Seems like, you want to group numbers by their sign. This could be done using built-in method groupby:

In [2]: l = [80.6,  120.8,  -115.6,  -76.1,  131.3,  105.1,  138.4,  -81.3, -95.3,  89.2,  -154.1,  121.4,  -85.1,  96.8,  68.2]

In [3]: from itertools import groupby

In [5]: list(groupby(l, lambda x: x < 0))
Out[5]: 
[(False, <itertools._grouper at 0x7fc9022095f8>),
 (True, <itertools._grouper at 0x7fc902209828>),
 (False, <itertools._grouper at 0x7fc902209550>),
 (True, <itertools._grouper at 0x7fc902209e80>),
 (False, <itertools._grouper at 0x7fc902209198>),
 (True, <itertools._grouper at 0x7fc9022092e8>),
 (False, <itertools._grouper at 0x7fc902209240>),
 (True, <itertools._grouper at 0x7fc902209908>),
 (False, <itertools._grouper at 0x7fc9019a64e0>)]

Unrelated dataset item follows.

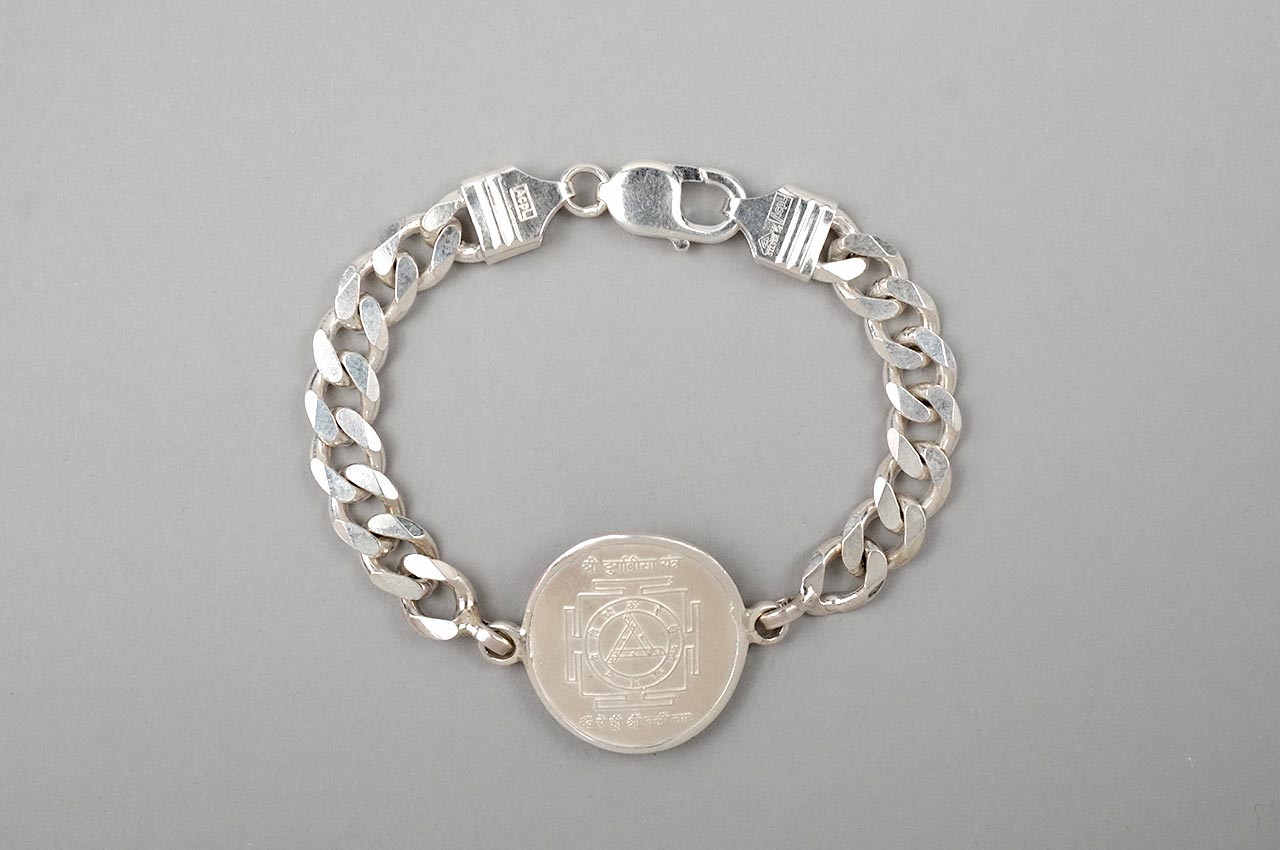 The silver Durga Bisa Yantra bracelet with silver chain has a sacred Durga Bisa Yantra embossed on one side and Goddess Durga on the other. The Yantra is considered lucky for entrepreneurs. It removes difficulties, overcomes negativity, protects from danger and overpowers the enemies. It attracts luck in business, wealth and prosperity.

Then you should use function len which returns the number of groups:

In [7]: len(list(groupby(l, lambda x: x < 0)))
Out[7]: 9

Obviously, there will be at least one group (for a non-empty list), but if you want to count the number of points, where a sequence changes its polarity, you could just subtract one group. Do not forget about the empty-list case.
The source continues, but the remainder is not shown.